RECORD EXCERPTS
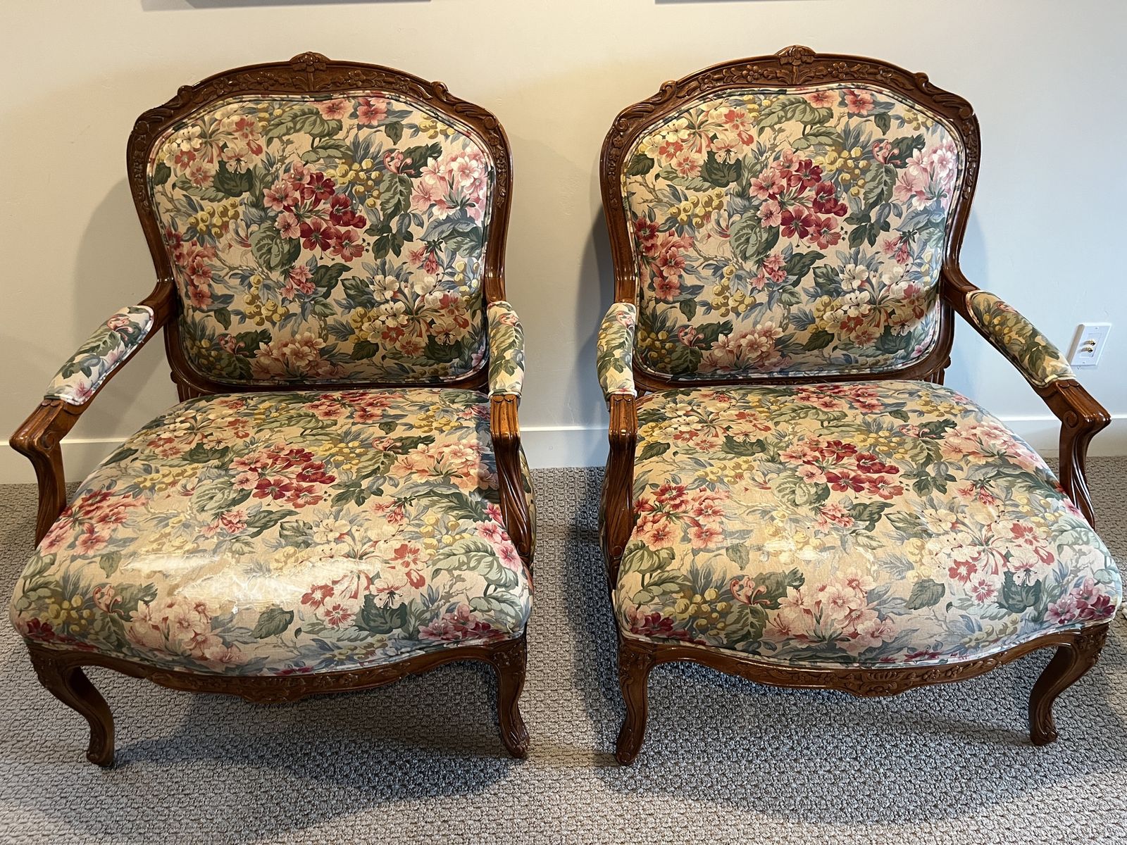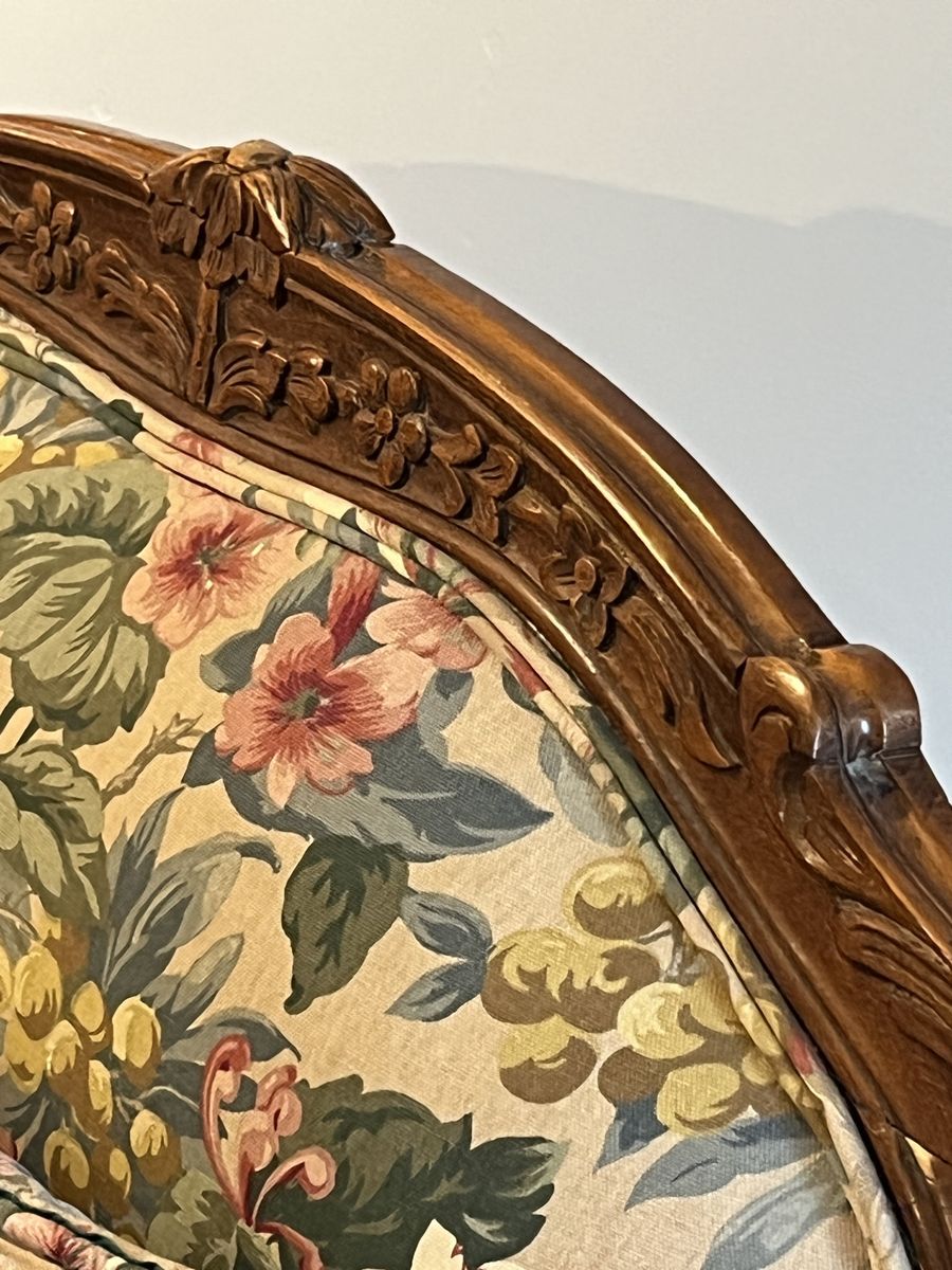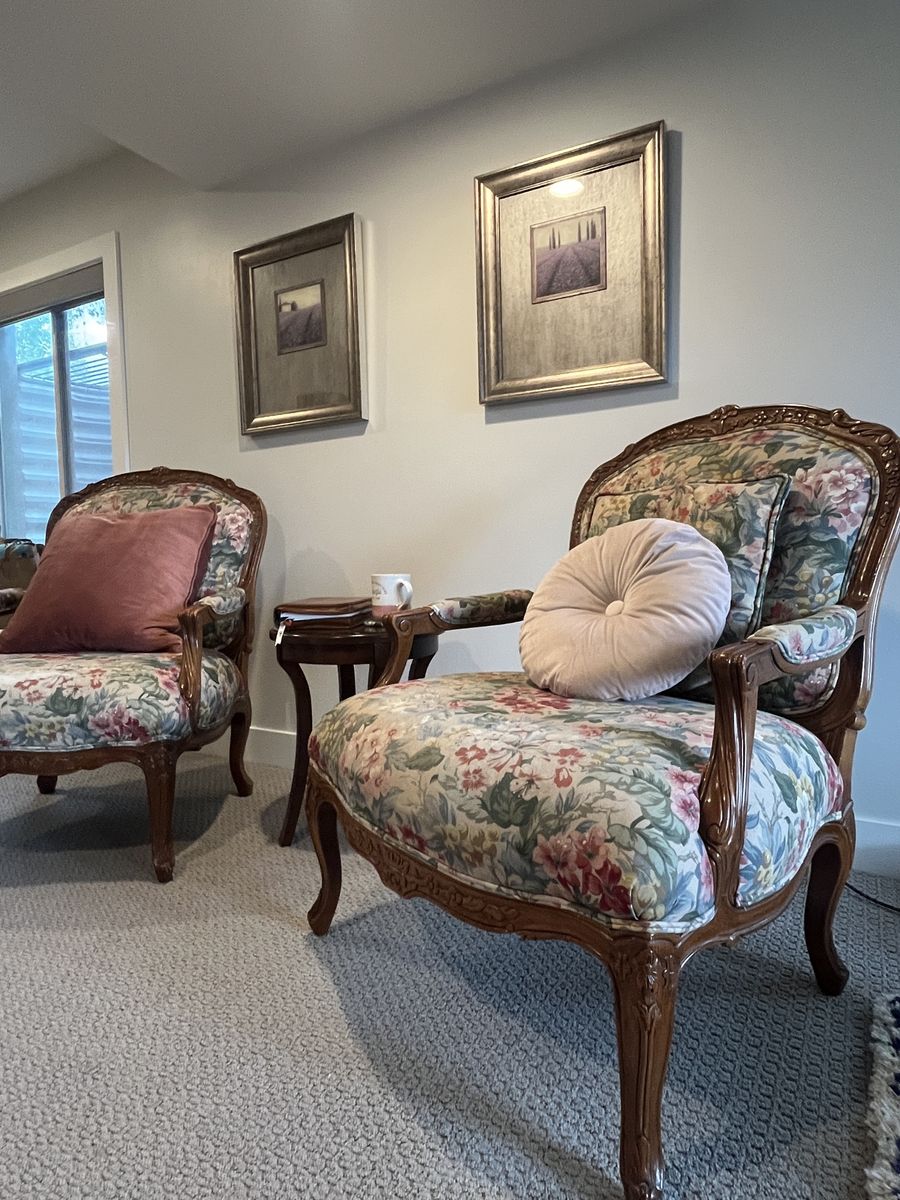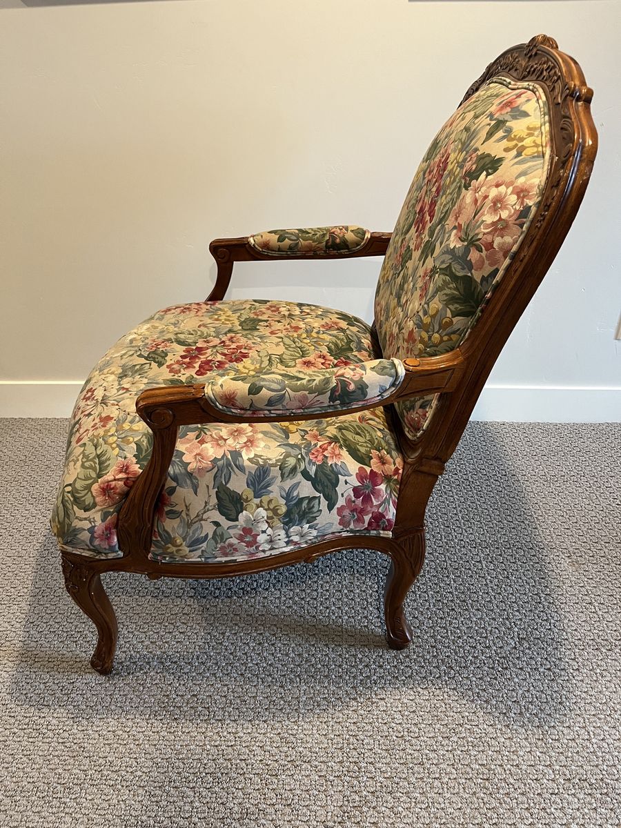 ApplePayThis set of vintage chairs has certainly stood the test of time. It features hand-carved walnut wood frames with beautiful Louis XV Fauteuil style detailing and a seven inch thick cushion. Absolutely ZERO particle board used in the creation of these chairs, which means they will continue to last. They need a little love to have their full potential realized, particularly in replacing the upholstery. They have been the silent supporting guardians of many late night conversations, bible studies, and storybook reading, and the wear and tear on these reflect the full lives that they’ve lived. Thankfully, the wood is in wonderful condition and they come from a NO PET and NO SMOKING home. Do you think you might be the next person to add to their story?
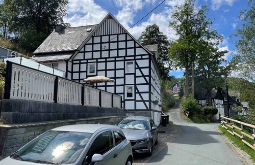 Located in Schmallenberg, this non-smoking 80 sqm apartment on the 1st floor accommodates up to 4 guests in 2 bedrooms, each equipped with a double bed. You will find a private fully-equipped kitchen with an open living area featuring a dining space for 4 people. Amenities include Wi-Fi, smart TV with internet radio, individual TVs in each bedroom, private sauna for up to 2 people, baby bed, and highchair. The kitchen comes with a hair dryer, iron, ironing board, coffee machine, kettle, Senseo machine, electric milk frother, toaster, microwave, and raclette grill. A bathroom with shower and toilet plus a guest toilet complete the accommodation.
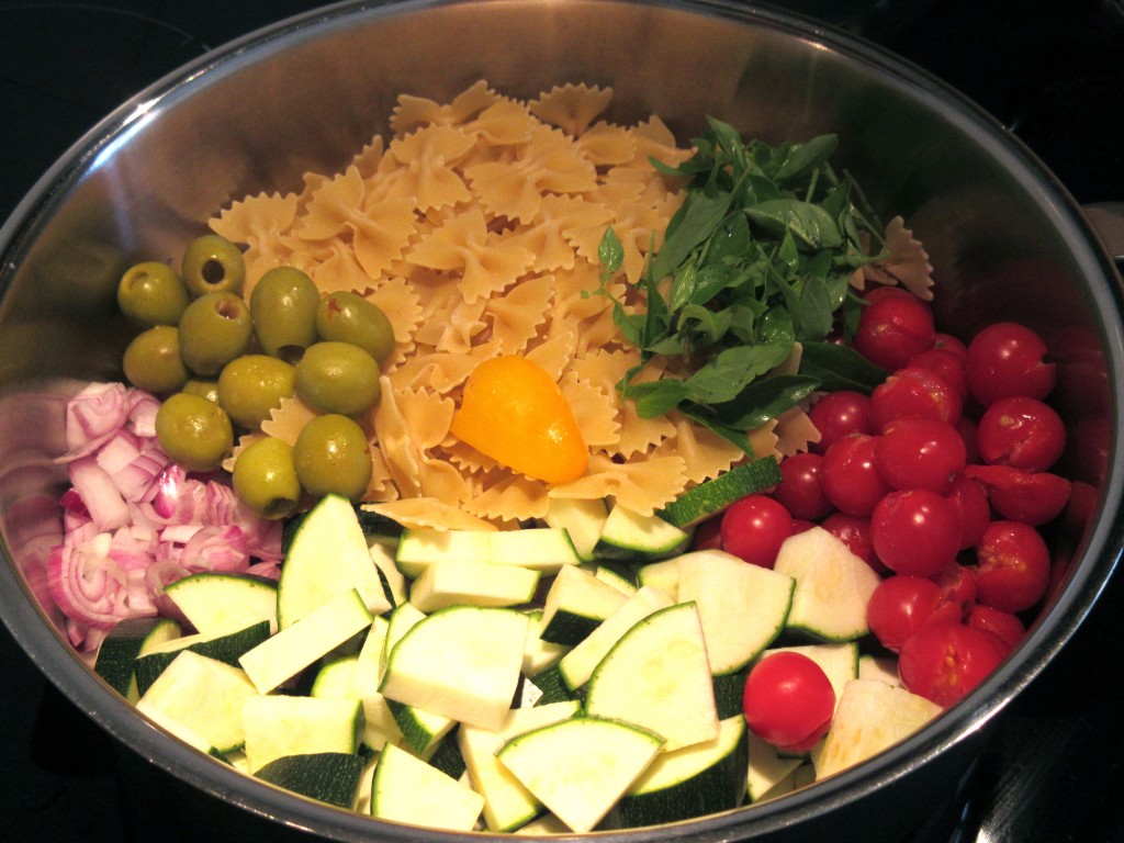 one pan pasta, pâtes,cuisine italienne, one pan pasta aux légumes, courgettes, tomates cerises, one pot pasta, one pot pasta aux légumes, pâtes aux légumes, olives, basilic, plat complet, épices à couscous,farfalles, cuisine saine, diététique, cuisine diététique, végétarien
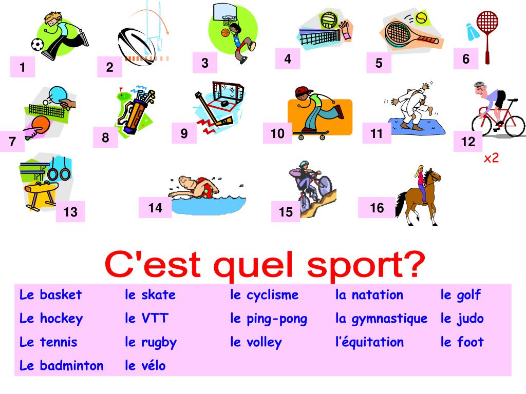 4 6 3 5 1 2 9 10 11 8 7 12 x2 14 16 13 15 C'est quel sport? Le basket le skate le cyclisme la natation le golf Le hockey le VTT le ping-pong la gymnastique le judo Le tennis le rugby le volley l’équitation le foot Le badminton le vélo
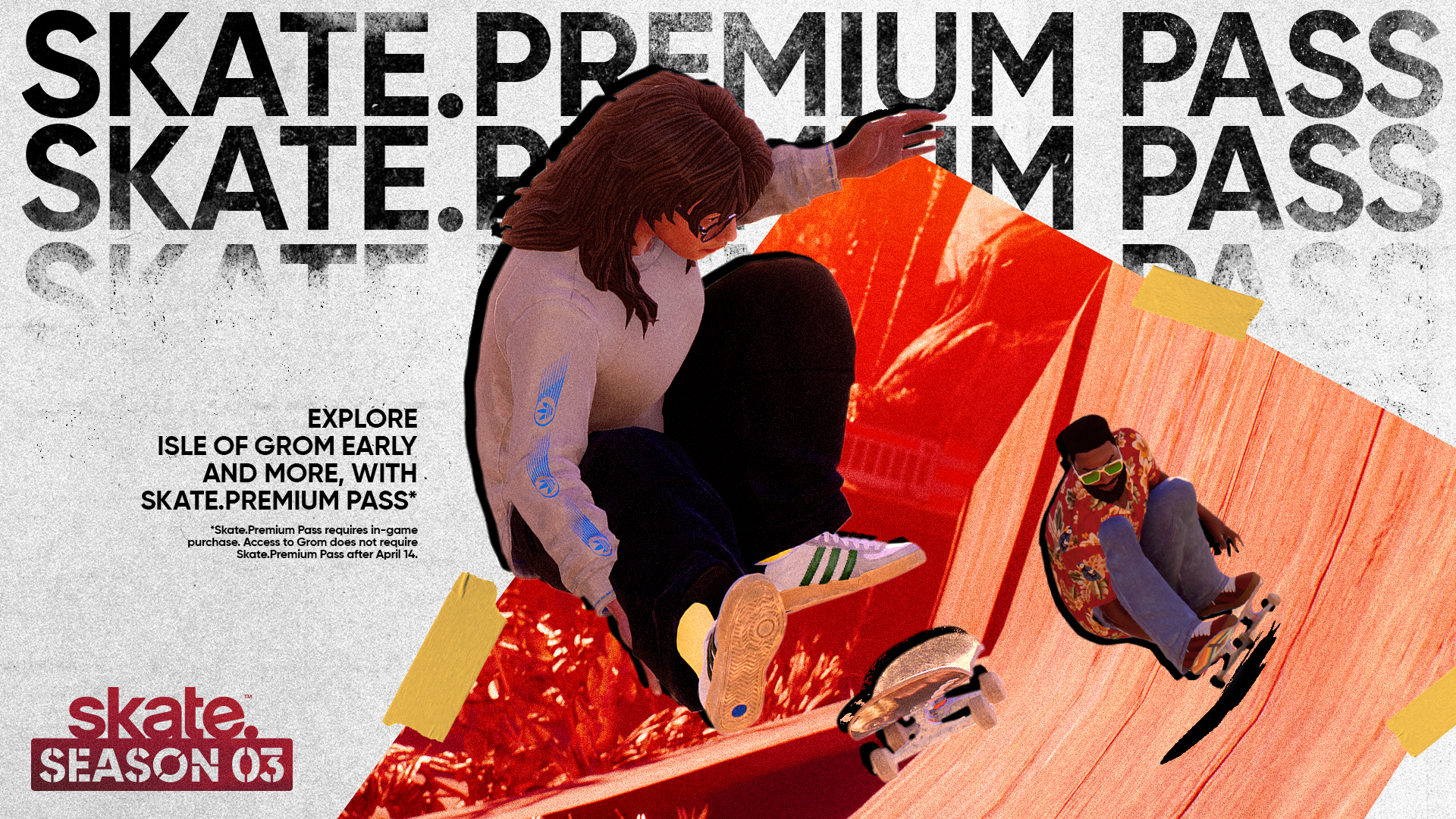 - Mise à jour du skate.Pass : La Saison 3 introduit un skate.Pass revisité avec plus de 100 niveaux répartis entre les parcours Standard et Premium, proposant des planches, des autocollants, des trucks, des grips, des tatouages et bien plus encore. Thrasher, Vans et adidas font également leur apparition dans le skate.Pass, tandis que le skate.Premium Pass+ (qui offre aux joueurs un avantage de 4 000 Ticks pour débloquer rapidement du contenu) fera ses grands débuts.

WHAT YOU WILL DO
Reproduce the records word for word, please, from their first line up to and including the line that contains "4 6 3 5 1 2", but no pictures.

YOUR RESPONSE
 ApplePayThis set of vintage chairs has certainly stood the test of time. It features hand-carved walnut wood frames with beautiful Louis XV Fauteuil style detailing and a seven inch thick cushion. Absolutely ZERO particle board used in the creation of these chairs, which means they will continue to last. They need a little love to have their full potential realized, particularly in replacing the upholstery. They have been the silent supporting guardians of many late night conversations, bible studies, and storybook reading, and the wear and tear on these reflect the full lives that they’ve lived. Thankfully, the wood is in wonderful condition and they come from a NO PET and NO SMOKING home. Do you think you might be the next person to add to their story?
 Located in Schmallenberg, this non-smoking 80 sqm apartment on the 1st floor accommodates up to 4 guests in 2 bedrooms, each equipped with a double bed. You will find a private fully-equipped kitchen with an open living area featuring a dining space for 4 people. Amenities include Wi-Fi, smart TV with internet radio, individual TVs in each bedroom, private sauna for up to 2 people, baby bed, and highchair. The kitchen comes with a hair dryer, iron, ironing board, coffee machine, kettle, Senseo machine, electric milk frother, toaster, microwave, and raclette grill. A bathroom with shower and toilet plus a guest toilet complete the accommodation.
 one pan pasta, pâtes,cuisine italienne, one pan pasta aux légumes, courgettes, tomates cerises, one pot pasta, one pot pasta aux légumes, pâtes aux légumes, olives, basilic, plat complet, épices à couscous,farfalles, cuisine saine, diététique, cuisine diététique, végétarien
 4 6 3 5 1 2 9 10 11 8 7 12 x2 14 16 13 15 C'est quel sport? Le basket le skate le cyclisme la natation le golf Le hockey le VTT le ping-pong la gymnastique le judo Le tennis le rugby le volley l’équitation le foot Le badminton le vélo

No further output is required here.